Whether you’re walking through a store, driving your car, checking email, or talking to friends and family on the phone, you can be sure that some government agency, whether the NSA or some other entity, is listening in and tracking your behavior. This doesn’t even begin to touch on the corporate trackers that monitor your purchases, web browsing, Facebook posts and other activities taking place in the cyber sphere.

We have now moved into a full-blown police state that is rapidly shifting into high-gear under the auspices of the surveillance state.

Not content to merely transform local police into extensions of the military, the Department of Homeland Security, the Justice Department and the FBI are working to turn the nation’s police officers into techno-warriors, complete with iris scanners, body scanners, thermal imaging Doppler radar devices, facial recognition programs, license plate readers, cell phone Stingray devices and so much more.

Add in the fusion centers, city-wide surveillance networks, data clouds conveniently hosted overseas by Amazon and Microsoft, drones equipped with thermal imaging cameras, and biometric databases, and you’ve got the makings of a world in which “privacy” is reserved exclusively for government agencies.

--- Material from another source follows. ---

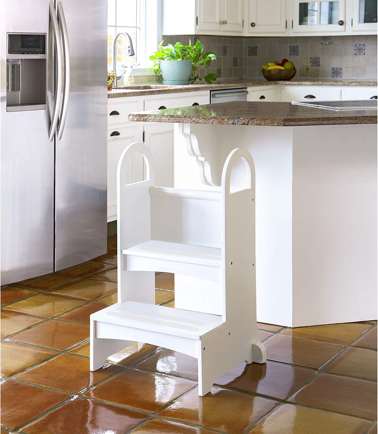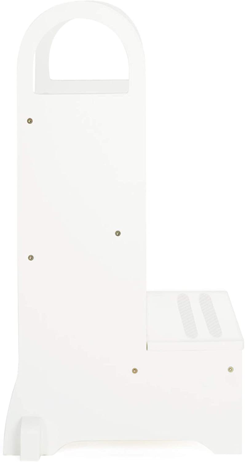 Guidecraft Kitchen Helper High-Rise Step-Up - White - Two Step Stool with Handles and Safety Non-Slip Treads and Anti-Tip Feet for Kids and Adults- Quality Wood Learning Furniture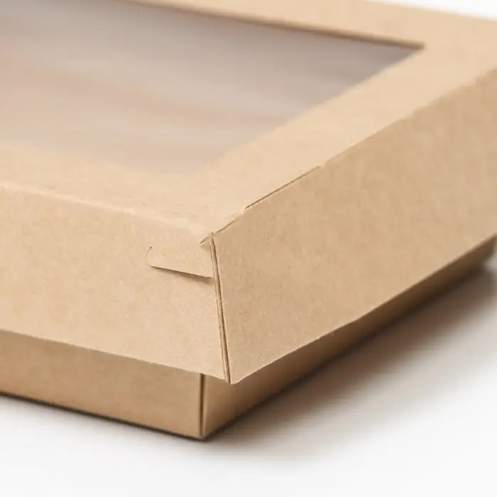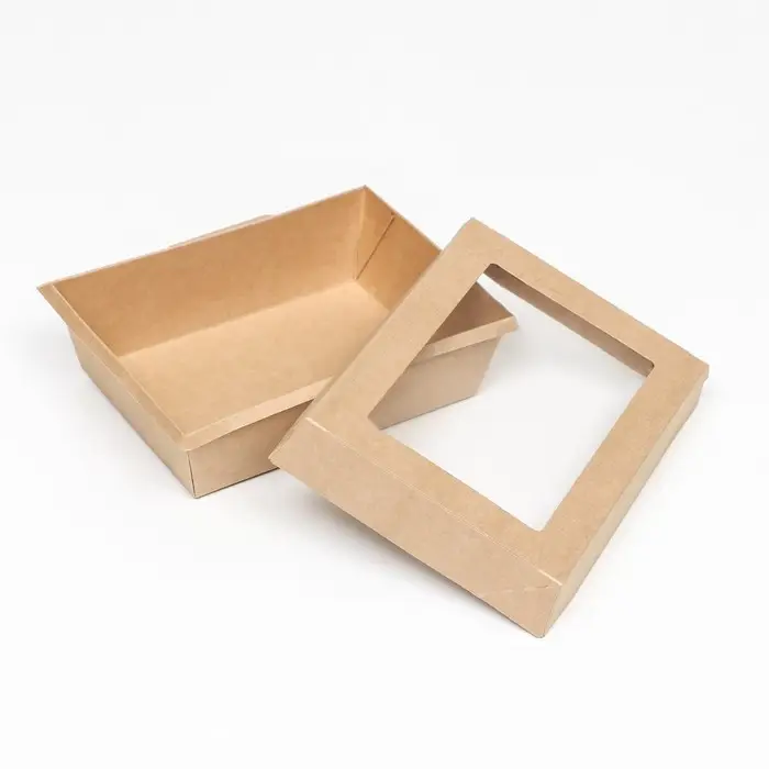 Контейнер с прозрачной крышкой, крафт, 0,4 л, 14,5 х 9,5 х 4, 5 см

Thus, the NSA’s “technotyranny”  is the least of our worries.

A government that lies, cheats, steals, sidesteps the law, and then absolves itself of wrongdoing cannot be reformed from the inside out.

Presidents, politicians, and court rulings have come and gone over the course of the NSA’s 60-year history, but none of them have managed to shut down the government’s secret surveillance of Americans’ phone calls, emails, text messages, transactions, communications and activities.

Even with restrictions on its ability to collect mass quantities of telephone metadata, the government and its various spy agencies, from the NSA to the FBI, can still employ an endless number of methods for carrying out warrantless surveillance on Americans, all of which are far more invasive than the bulk collection program.

Just about every branch of the government—from the Postal Service to the Treasury Department and every agency in between—now has its own surveillance sector, authorized to spy on the American people.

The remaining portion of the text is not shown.